Some energy sectors do not yet have an obvious technological fix. Although there are experimental electric (and also solar-powered) aircraft, it is hard to see a ‘green’ alternative to aviation fuel for long range passenger aircraft. Aviation represents 2.4% of global CO2 emissions. It is often recommended to use an international agreement to tax jet fuel. But this would hit the travel industry hard, and if it achieved its purpose in reducing air travel it would represent a major change in social behaviour. Nevertheless, downward pressure on such sectors is already coming from a public more aware of the impact of their own individual ‘carbon footprints’.

A general carbon tax (e.g., set at $50 per ton of CO2 emitted) could act as a very effective market signal for business. But it would hit consumers hard, and like most consumer taxes would be ‘regressive’, hitting the poor hardest. France has already discovered through the ’gilets jaunes’ movement that not everyone is happy with fuel surcharges.

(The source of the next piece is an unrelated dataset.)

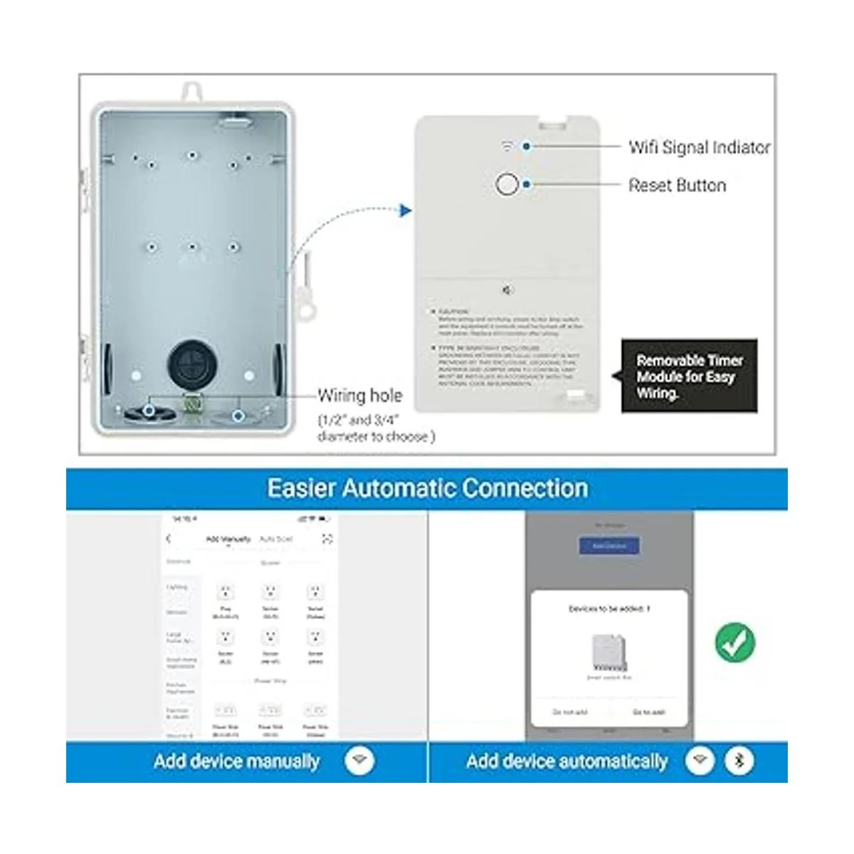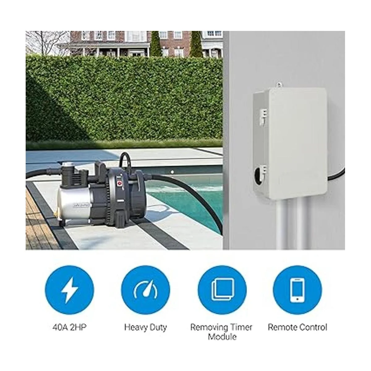 DEWENWILS Temporizador de piscina, interruptor de temporizador WiFi, resistente 40A 120277 VCA 2HP, compatible con teléfono inteligente, Alexa, Google Assistant, certificación ETL

Ahead, the next decade is likely to be decisive in showing whether the world will be able to transition effectively towards a low carbon economy using government targets, business investment and technological ingenuity. However successfully we cut back on GHG emissions in the short term, global temperatures will continue to rise and extreme weather events are likely to prove ever more dramatic. There may then be public pressure to take more draconian measures even if they impact our social activities and personal behaviour. (More radical economists argue that it is the whole consumerist-productivist economic model that is proving unsustainable.) Given, too, uncertainty about how easy it will prove to keep all parties to the UNFCCC marching in step, the next decade looks like a bumpy ride in both domestic politics and international relations.